Unfortunately it's not got the greatest amount of detail on it but there's several interesting things to see.
Where Floyd Road is there are "Lime Kilns" marked on the map. That used to be one of the things done with the chalk that they dug out of the ground from there. Lime played a bit part in the area for quite a while to come, I'll be mentioning a Lime Manor when I do the follow up to The History of Floyd Road (Part 1 - 1867), and it's interesting to see that it goes back at last that far.
There's a road that seems to follow the present course of Woolwich Road already there and it also looks like there's something running south from it that seems to follow the path of Charlton Lane too.
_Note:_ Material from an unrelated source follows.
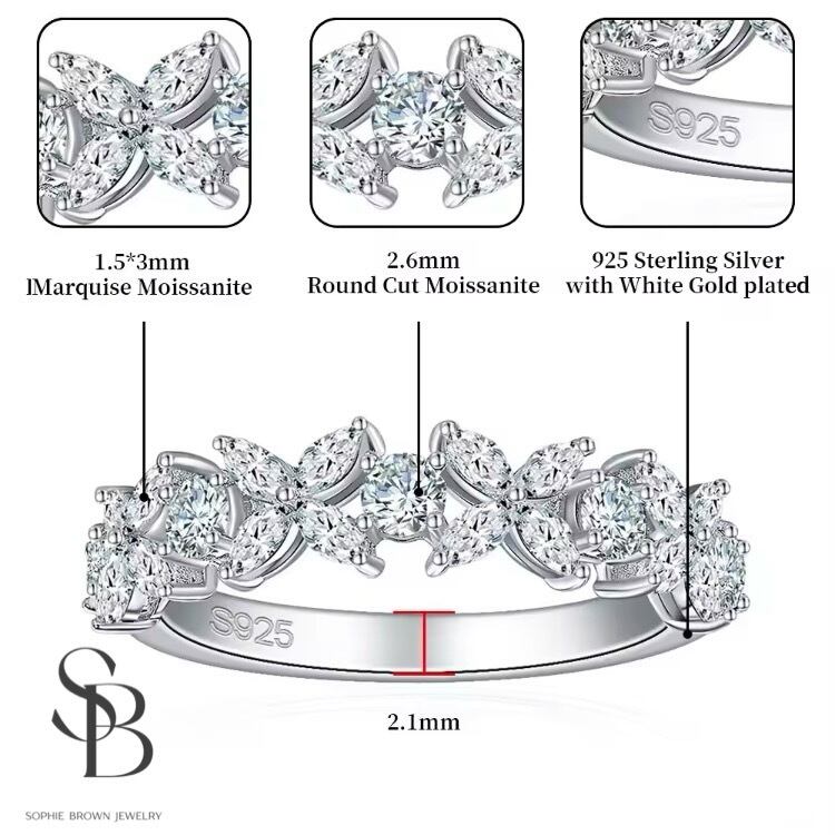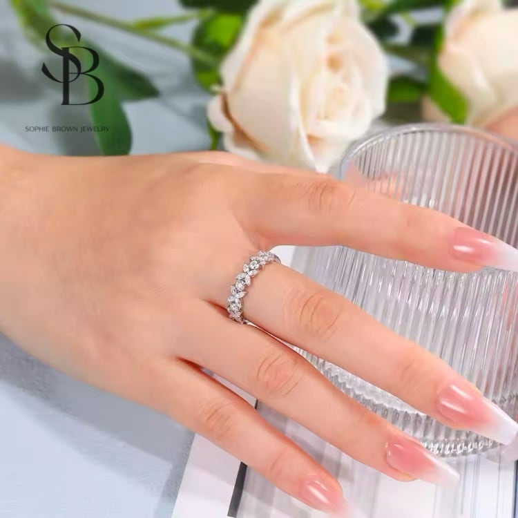 モアッサナイト 四葉のクローバー ハーフ/フルエタニティリング キラキラ S925 ゴージャス 指輪 ウェディング シンプル エンゲージリング モアサナイト ダイヤモンド 四つ葉 フラワー 花 マーキスカット

Anchor and Hope Lane is there, complete with the kink half way along, but it's known as "Manor Way". That's got to have something to do with it running up to Charlton Manor and I'm left wondering what then came first, the Anchor and Hope pub or the road name? Did the pub manage to get the road renamed as a bit of free advertising at some point over the next 120 years?
To the east of Charlton there's "Hanging Woods", which was apparently a haunt of highway men and other such dubious characters. It doesn't appear to have changed very much from then until the 1867 map.
If you look at the village itself you can see the original road and village green layout in front of Charlton House. The owners of the house didn't enclose the green, thus stranding the gate, until 1829.
One final interesting thing compared to the 1867 map is that up in the top right you can see the Dockyard and/or Arsenal. The later map ends in almost exactly the same place but has a curiously blank area enclosed by roads, Ordnance Survey covering up military secrets no doubt...
Anyhow it's nice to see how much you can get out of such a seemingly simple map!